Already, nearly $900 billion worth of projects are underway or planned, according to the China Development Bank, and the first ones are almost finished. A $2.1 billion thermal-power plant in Karachi should be completed by the end of next year, just 40 months after construction started.
One Belt, One Road represents China’s biggest overseas spending effort ever, a project that, adjusted for inflation, is at least 12 times the size of the Marshall Plan, the history-changing U.S. program that helped rebuild Western Europe from rubble after World War II. The effort is already seeding power plants, railroads, and pipelines in emerging-market countries starving for such backbone investments. And, notably, it’s sparking optimism among big Western engineering and construction conglomerates that see bigger growth opportunities in these countries than they do in Europe, in the U.S. (even under an infrastructure-friendly Trump administration), or in China itself.

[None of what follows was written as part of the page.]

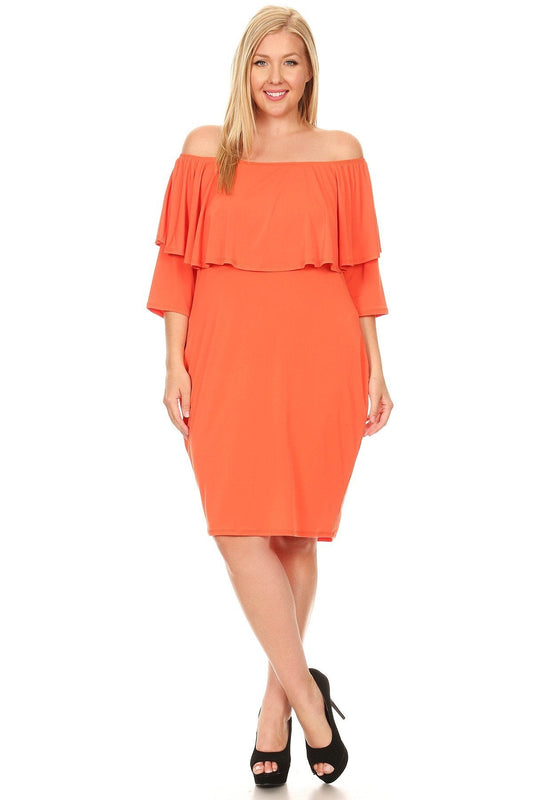 Plus Size Off Shoulder Ruffle Knee Bodycon Dress

Just as with the Marshall Plan, there’s far more than altruism in play. China’s huge state-owned infrastructure companies, hampered by their own country’s gradual slowdown, need projects that will keep their foundries blazing and their workers paid while the nation makes the transition to a less industrial, more consumer-driven economy. And Belt and Road (as China’s government has rebranded it) helps China earn diplomatic goodwill at a time when the U.S. and Europe appear less willing to invest in economy-building abroad.

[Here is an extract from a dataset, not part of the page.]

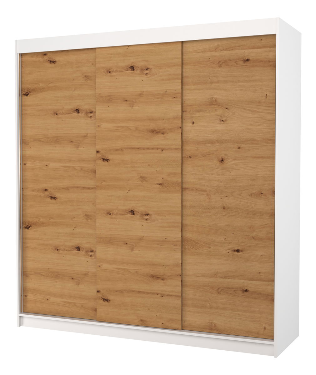 ZobraziťŠatníková skriňa Meggie v bielom prevedení s drevom dub artisan je skvelým doplnkom vašej spálne. S výškou 215 cm a šírkou 200 cm ponúka dostatok úložného priestoru pre vašu odevnú kolekciu. Skriňa disponuje množstvom policových plôch, závesných tyčí a vysúvacích zásuviek, ktoré vám uľahčia organizáciu vašich vecí. Jedinečný dizajn kombinuje bielu farbu so vzorom drevovýzoru, čo dáva skrini unikátny vzhľad. Je vyrobená z kvalitných materiálov, čo zaručuje jej dlhú životnosť a odolnosť voči poškodeniu. Vďaka svojim rozmerným vlastnostiam je ideálna pre väčšie spálne a jej moderný vzhľad prinesie novú atmosféru do vášho interiéru.

But that doesn’t mean Western companies won’t benefit. At the signing ceremony in July that finalized plans for Dubai’s 2,400-megawatt Hassyan coal project, the Chinese group set to build the plant and the Saudis who will operate it were joined by a partner: an executive from General Electric ge , standing proudly near a backdrop boasting the familiar blue GE logo. GE staff will be far from bit players here; without their contacts and expertise, projects like the Hassyan plant might struggle to get off the drawing board.
Belt and Road is “a very big deal for GE,” Rachel Duan, president and CEO of GE Greater China, tells Fortune. Her $8 billion division has 23,000 employees whose main business is partnering with Chinese companies across 34 joint ventures in China that manufacture everything from wind turbines to oil pipeline equipment. GE’s biggest customers in China are huge state-owned enterprises, and as those companies go abroad to Dubai and elsewhere, Duan sees GE as just the company to help them; it already has operations in 60 of the 65 countries associated with the Belt project. GE is piggybacking along to the tune of at least $2 billion a year in extra equipment sales—a significant boost even for a company of GE’s scale. “These are hard projects,” Duan says, explaining why Chinese partners are calling on GE. “No single company or single country can pull them off.”

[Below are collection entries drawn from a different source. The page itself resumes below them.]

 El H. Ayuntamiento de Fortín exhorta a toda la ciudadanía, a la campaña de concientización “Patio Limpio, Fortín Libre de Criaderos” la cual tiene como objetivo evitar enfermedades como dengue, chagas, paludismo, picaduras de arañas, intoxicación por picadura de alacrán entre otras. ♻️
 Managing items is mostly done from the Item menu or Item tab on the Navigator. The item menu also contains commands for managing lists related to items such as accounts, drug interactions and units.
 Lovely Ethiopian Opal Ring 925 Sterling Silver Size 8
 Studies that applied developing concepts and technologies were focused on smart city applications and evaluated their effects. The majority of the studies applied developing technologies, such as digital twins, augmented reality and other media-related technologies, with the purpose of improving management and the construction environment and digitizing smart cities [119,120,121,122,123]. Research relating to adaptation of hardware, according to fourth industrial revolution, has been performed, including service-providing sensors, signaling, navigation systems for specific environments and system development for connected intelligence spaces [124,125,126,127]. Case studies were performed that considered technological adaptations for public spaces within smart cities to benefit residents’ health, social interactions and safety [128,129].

Whether the projects will pay off down the road is an open question: Some critics argue that China is funding them indiscriminately in a global pork-barrel push to build alliances. But in the short run, Belt and Road is creating opportunities for Chinese companies and big multinationals alike—ones that their shareholders can’t ignore.
The New Silk Road
Belt and Road has a historical precedent: the ancient Silk Road that for hundreds of years connected Chinese traders with those in the Middle East and Europe via the Eurasian steppes, Palestine, and Turkey. In an era of wagon caravans and sailing ships, those trading ties did little to extend a then-insular China’s geopolitical clout. But Belt and Road is intended to forge far more binding ties today.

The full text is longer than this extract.